As an adaptive mechanism, the neuroendocrine system becomes overactive, with increased sympathomimetic activity. This is useful in patients with normal cardiac function who undergo transient stress, because it temporarily increases heart rate, cardiac output, and reduced vasodilation. In heart failure patients, this response is exaggerated and prolonged, and ultimately makes things worse because a rapid heart rate will decrease cardiac output in a patient with a dilated or damaged heart muscle.

Physicians began to think that inhibiting the sympathetic nervous system could improve the exaggerated response seen in chronic heart failure. When beta blockers were tried, they actually increased cardiac output in severe HF patients. Had a physician prescribed beta blockers in 1975 for heart failure, it would have been considered malpractice. The package insert even listed heart failure as a contraindication.

Paradoxically, beta blockers could increase cardiac output in certain patients. It was also discovered that drugs that lowered aldosterone, mineral coracoid receptor agonists, like spironolactone, had a very favorable effect on heart failure, not only for their weak diuretic effect, but primarily because of inhibition of the renin angiotensin system.
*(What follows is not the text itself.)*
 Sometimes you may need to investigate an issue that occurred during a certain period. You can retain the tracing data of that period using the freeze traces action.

Likewise, when ACE inhibitors were developed, they too had a beneficial effect on heart failure because they blocked the renin angiotensin system. Improvements were seen in prognosis in patients with low ejection fraction heart failure. The angiotensin 2 receptor blockers, on the other hand, offer little advantage over ACE inhibitors, and none when used with them, and increased mortality and morbidity when used with beta blockers.
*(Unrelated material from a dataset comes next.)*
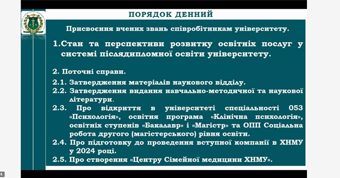 25 квітня 2024 р. відбулося засідання Вченої ради Харківського національного медичного університету в дистанційному форматі.

Despite improvements in pharmacologic therapies, the death rate in heart failure patients didn’t change much. The recognition that cardiac arrhythmias were responsible for a good number of sudden deaths in heart failure patients led to the recommendation that patients with severe heart failure have implantable defibrillators placed. These devices were later upgraded to include devices to resynchronize ventricular contractions.

As we move forward, we are looking for solutions in molecular biology, genetics, and stem cells. Someday, recognition of genetic defects leading to abnormal cardiac muscle will be corrected by gene editing.
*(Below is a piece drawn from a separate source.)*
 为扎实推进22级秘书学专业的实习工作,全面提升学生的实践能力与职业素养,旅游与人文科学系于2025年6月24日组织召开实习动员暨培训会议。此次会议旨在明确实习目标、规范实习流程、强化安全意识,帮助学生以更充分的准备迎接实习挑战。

The latest success we have had is the introduction of the combination medication with duel angiotensin antagonism, and neprilysin inhibition. The PARADIGM-HF trial proved that the of combination valsartan and sacubitril was more effective at improving heart failure prognosis in patients with reduced ejection fractions than any previous agent. This was not simply 2 drugs mixed together; they were engineered into a new molecule, which has opened the door to create new drugs in the same way.

In patients with heart failure and preserved ejection fraction, the treatment options are limited. In patients with acute heart failure, the main treatments remain oxygen, diuretics, vasodilators, and inotropic agents which improve symptoms and stabilization. We are fairly successful at this acute treatment, but the long-term prognosis remains poor. A patient with acute HF has about a one-third of a chance being readmitted or dying within 90 days of admission.

As such, we are looking for ways to improve long-term prognosis in patients who develop acute heart failure. Trials with serelaxin—a recombinant peptide of the human relazin 2 hormone that occurs normally in humans—has shown promising results in extending survival in patients who present initially with acute heart failure. But more work needs to be done.

The incidence of heart failure will increase as our population ages, and as our ability to stabilize patients with coronary syndromes improves and will put great strains on the medical system. While great advances have been made in patients with reduced ejection fraction heart failure, much work needs to be done to treat normal ejection fraction and acute heart failure.